Another advantage is just how snappy the gameplay is most of the time. Your ship moves smoothly and quickly in response to your input depending on your speed setting, and you’ll find yourself timing your charge attack to maximise destruction as you learn the level layouts. It’s all very satisfying apart from at certain points that crop up towards the end of the game where there are some inexplicable frame drops. These come seemingly out of nowhere at very specific points and I can’t for the life of me figure out what’s causing them. The action on screen is no more intense than at other points, so these occurrences make no sense, and in a game like this, you need a smooth framerate to get through unscathed. I suppose the fact they’re predictable helps you prepare for them, but you shouldn’t need to.

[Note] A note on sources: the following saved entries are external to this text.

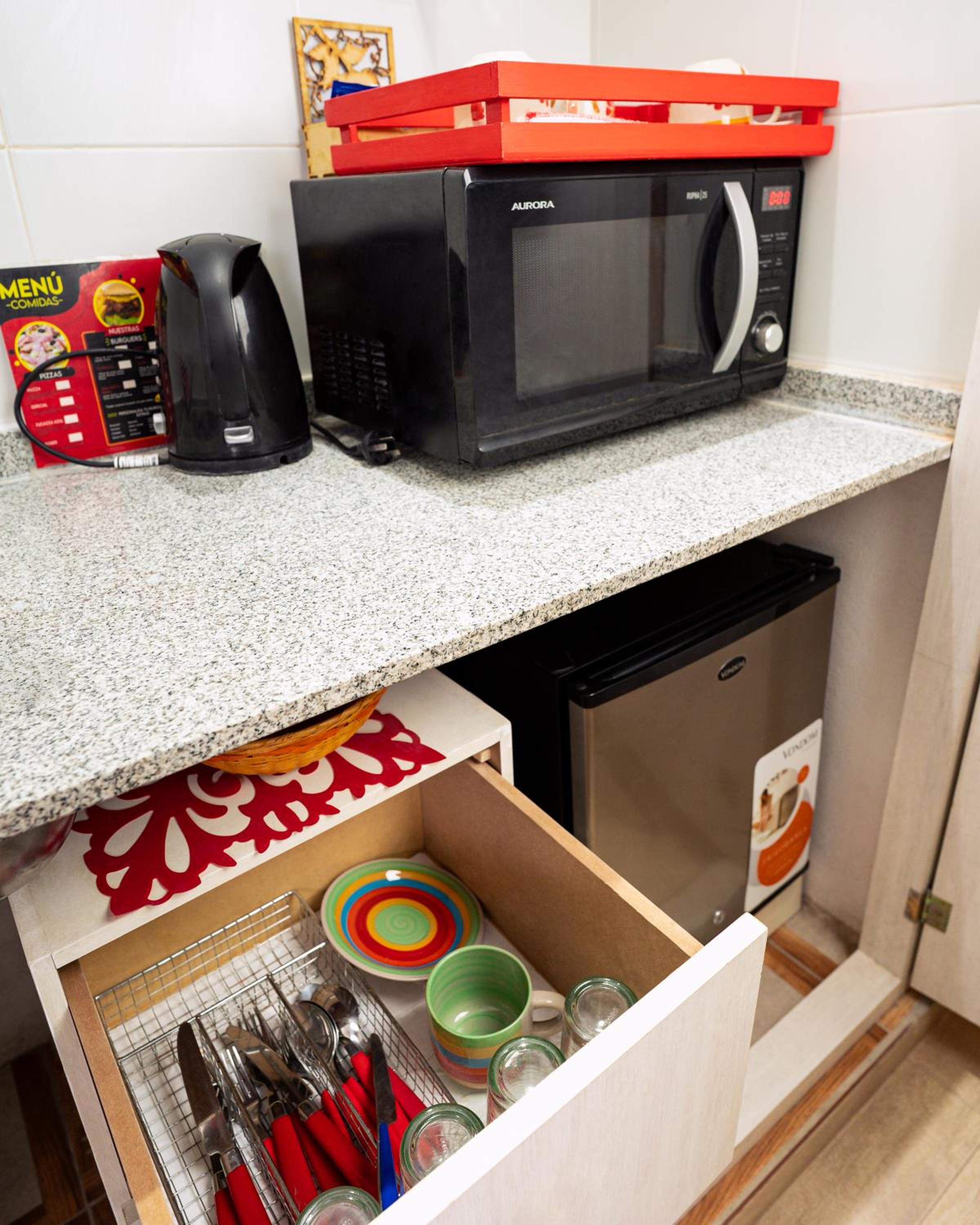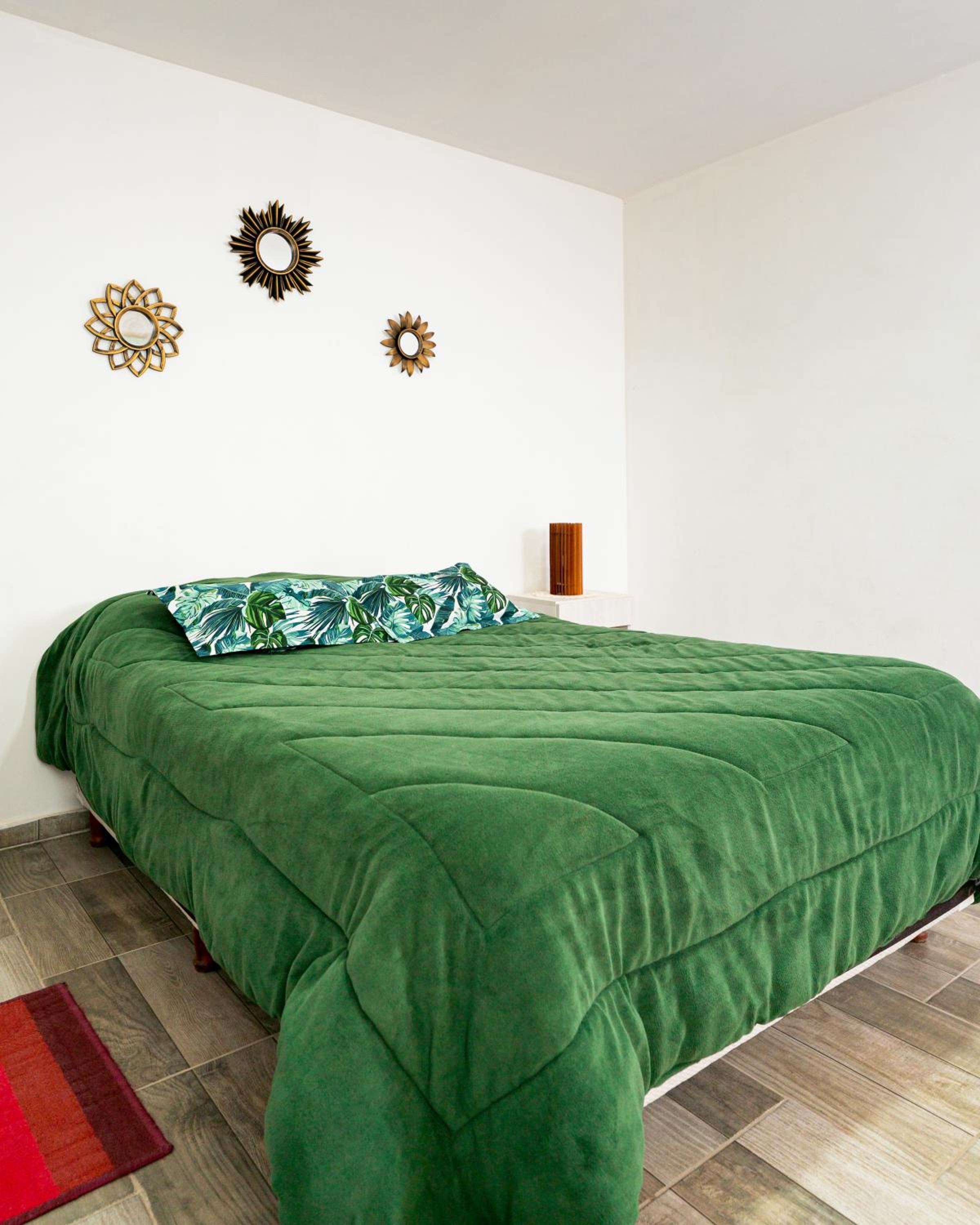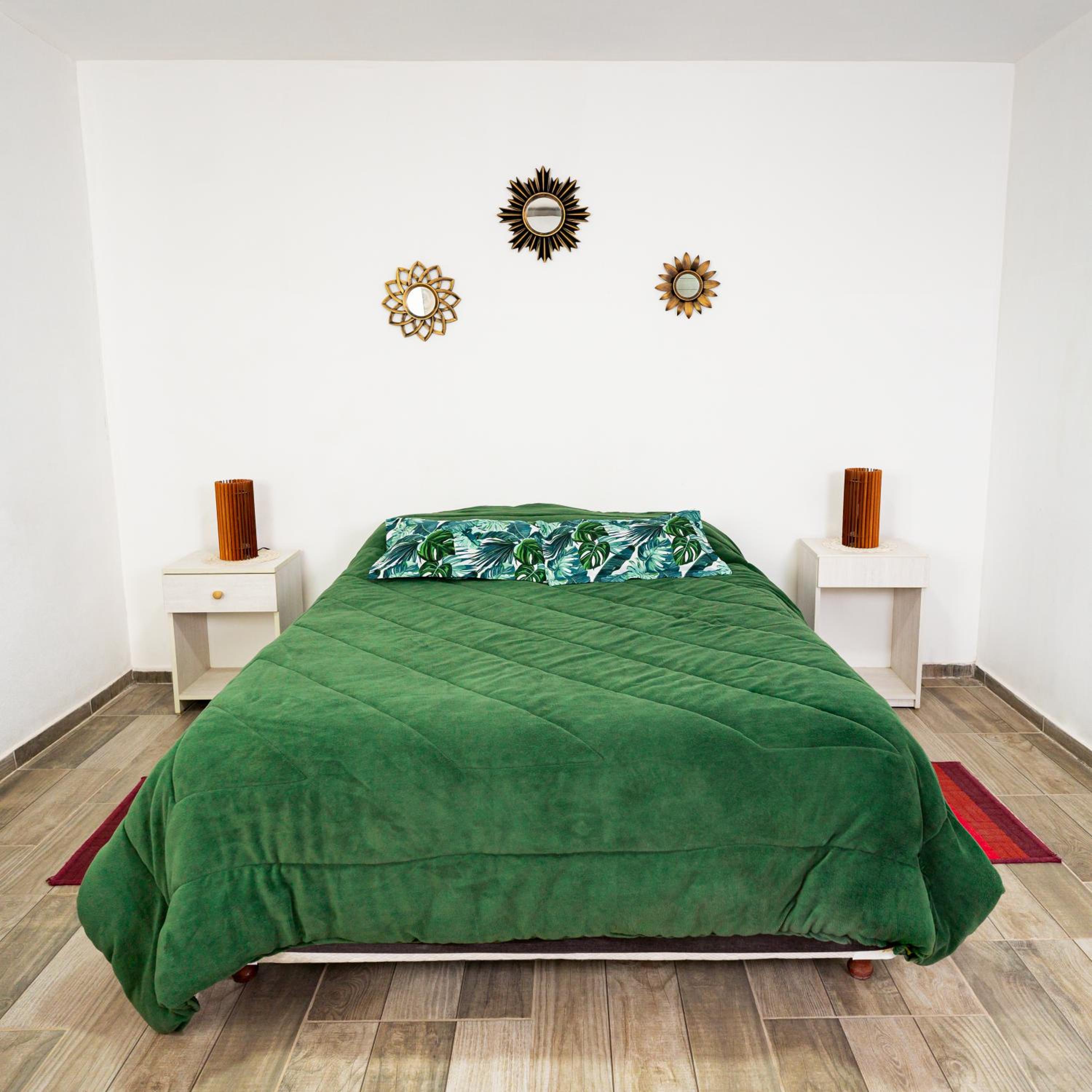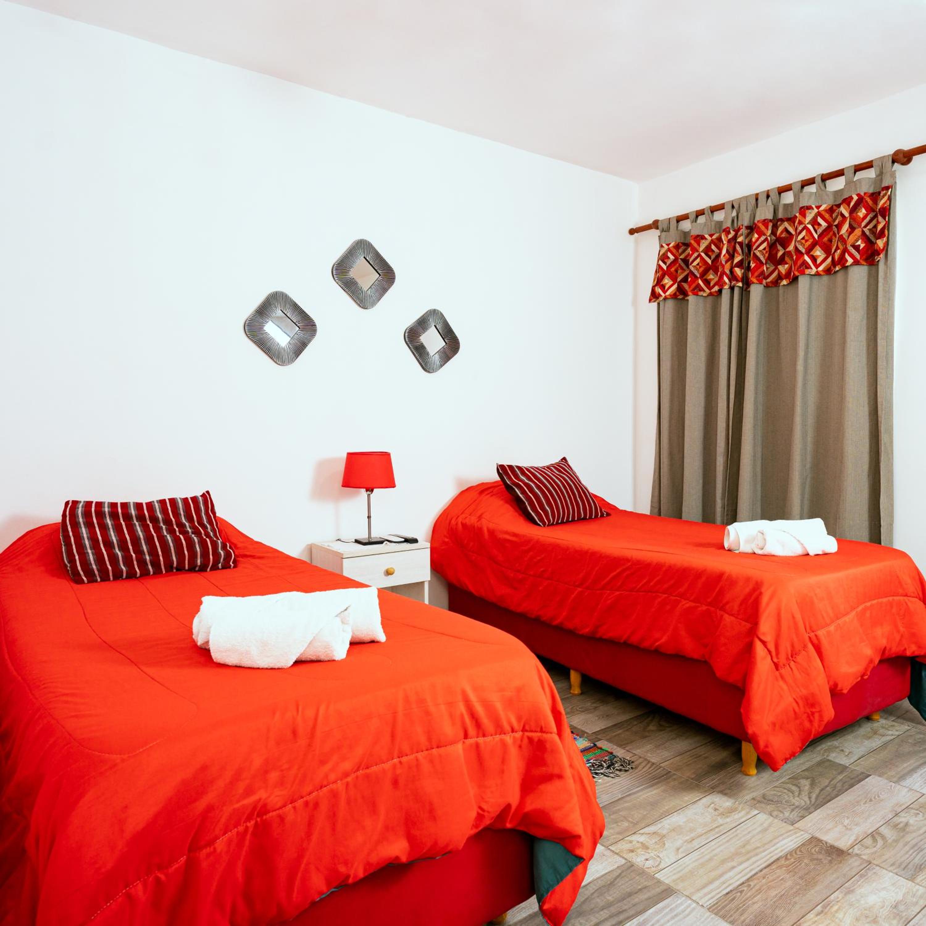 The lady at the reception was very nice! Location is excellent, you can walk everywhere. There is a cerveceria about 4 blocks away behind a gasstation, live music and great food. It totally gives you the small town vibe:-). The room is a good size, did not expect a red interior as all in blue and green on the outside. Colourful sheets, a corner with microwave, kettle and fridge.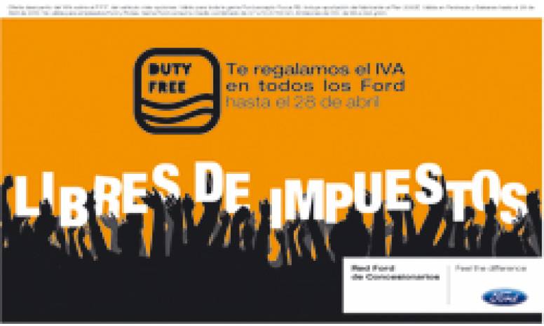 acerque a un Concesionario de la Red Ford podrá llevarse el vehículo que desee sin pagar impuestos. La respuesta del público a las anteriores campañas de descuento, ha llevado a Ford España a continuar con su estrategia comercial impulsando iniciativas que le ponen al lado del consumidor a la hora de facilitar la adquisición de vehículos.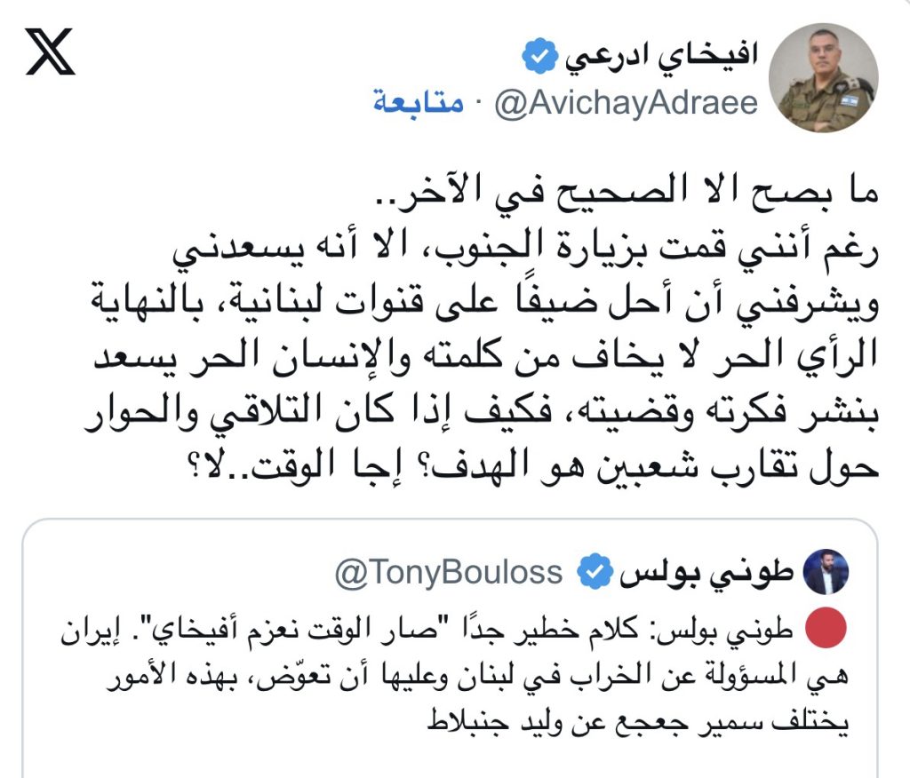 وفي رده، قال أدرعي: “ما بصحّ إلا الصحيح في الآخر.. رغم أنني قمت بزيارة الجنوب، إلا أنه يسعدني ويشرّفني أن أحلّ ضيفًا على قنوات لبنانية. بالنهاية، الرأي الحر لا يخاف من كلمته، والإنسان الحر يسعد بنشر فكرته وقضيته، فكيف إذا كان التلاقي والحوار حول تقارب شعبين هو الهدف؟ إجا الوقت… لا”
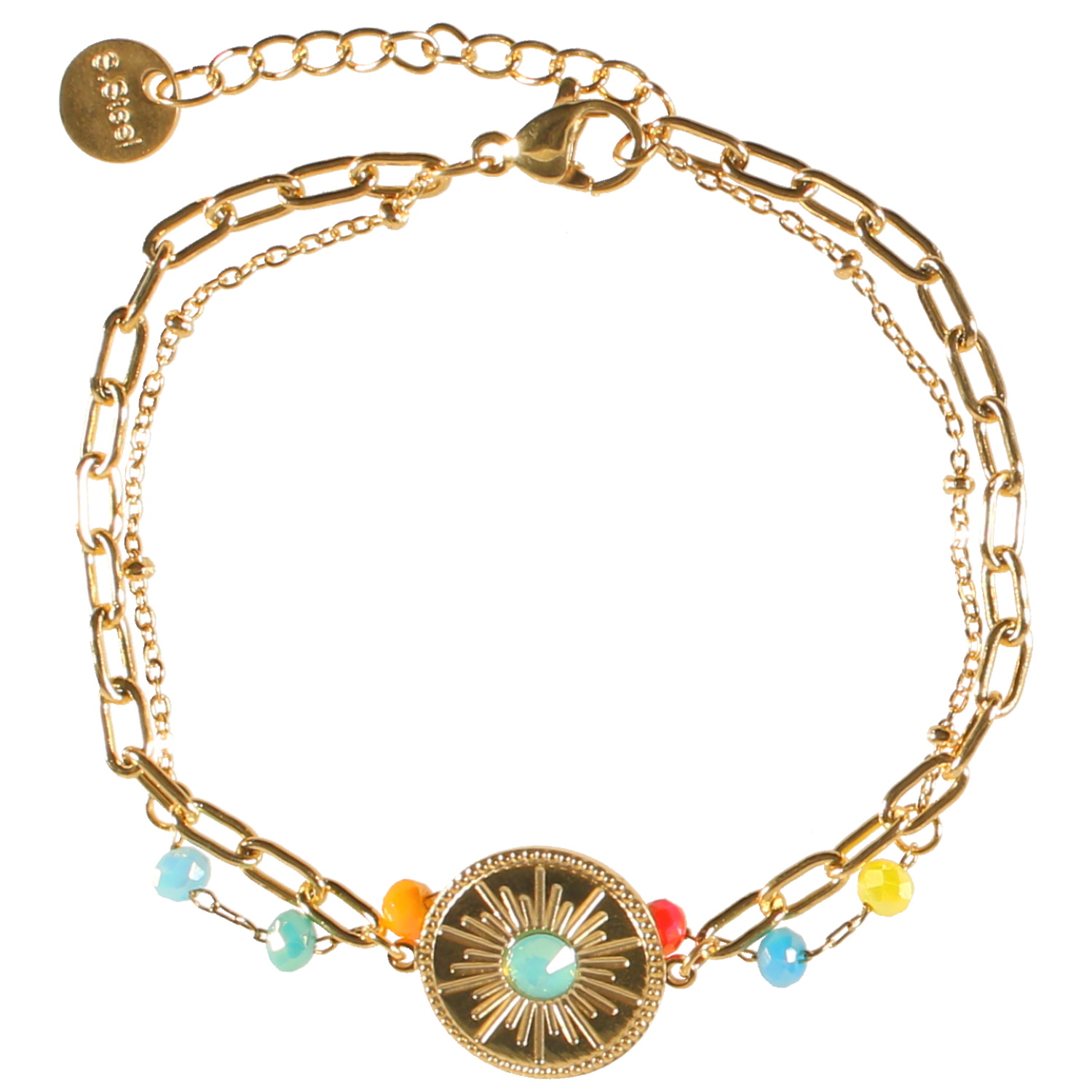 Bracelet double rangs composé d'une chaîne en acier doré avec perles multicolores et d'une chaîne en acier doré avec une pastille ronde aux motifs de rayon surmontée d'un cristal de couleur turquoise.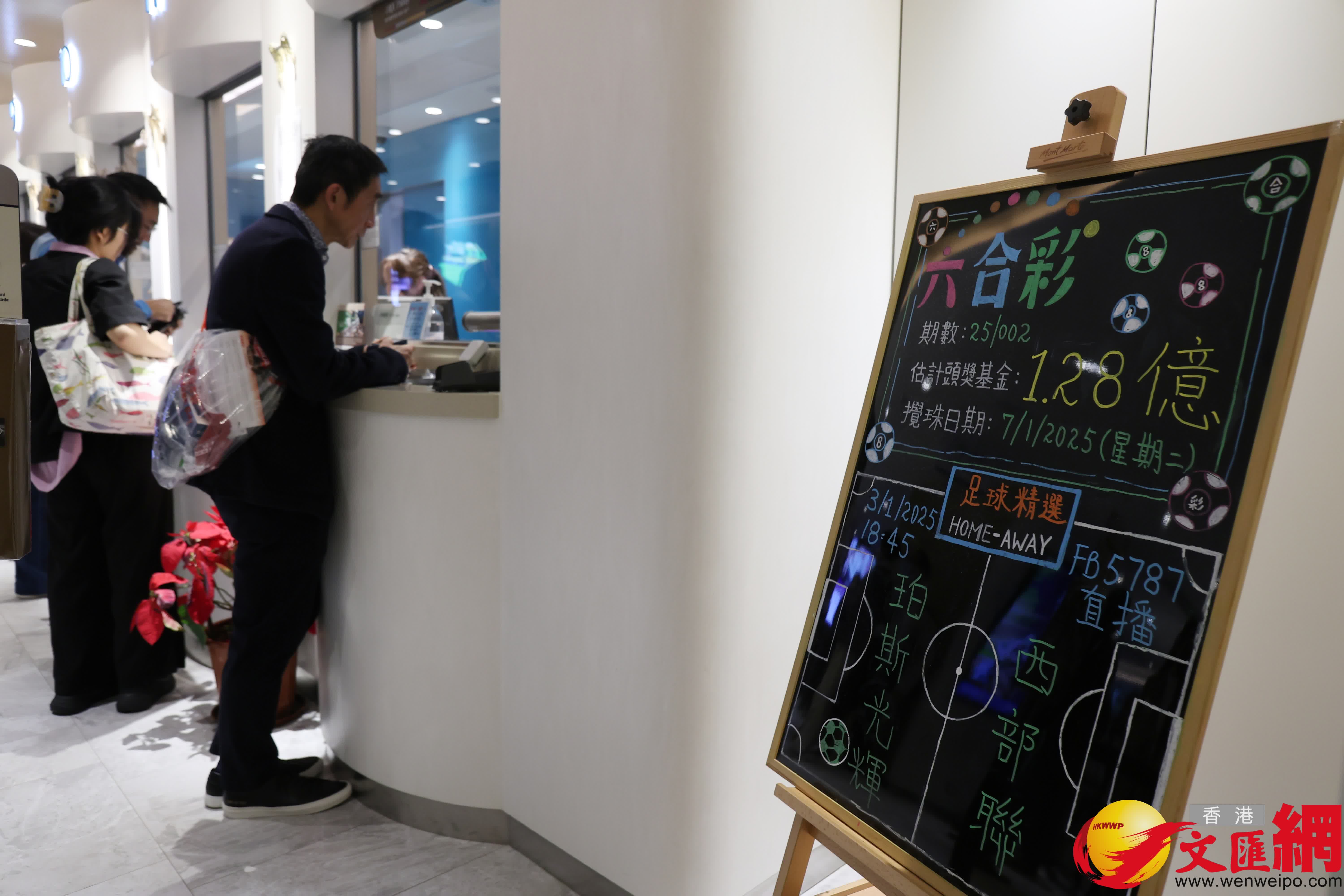 香港文匯報訊(記者 唐文)香港文匯報記者今日下午在中環士丹利街投注站觀察,鄰近5時現場近百人正排隊買飛,由於上一期無人中獎,導致獎池突然變化,該投注站尚未來得及製作宣傳海報,僅用手寫版強調1.28億巨額獎金。

Whilst R-Type Final 2 looks pretty enough, it’s not so Earth-shatteringly beautiful to cause these hiccups. The visual effects are good enough by today’s standards, and I did like the ability to walk around the hangar and look at the various ships you’ve unlocked in first person. The music and sounds stand out quite well — I particularly enjoyed the soundtrack which was nicely varied throughout the campaign. The general presentation is solid, although there was the utterly baffling fact that the main menu was presented in Japanese when I first launched the game. If it weren’t for the fact that I could guess my way around the menus to the language options I’d still be unsure of what I was selecting.
In spite of some utterly bizarre design decisions and errors, R-Type Final 2’s minute to minute gameplay is as solid as it was a decade-and-a-half ago. I enjoyed the campaign in spite of my ever growing frustration as I tried to find a way through a particularly challenging section. The constant promise of fresh ships to try out kept me interested, and the stages themselves were fun to learn their way around as they offered up their surprises — one of the stage seven variants offers a fun twist in its entirety should you choose that path. If you can overlook those few irritations, you can have a great time here.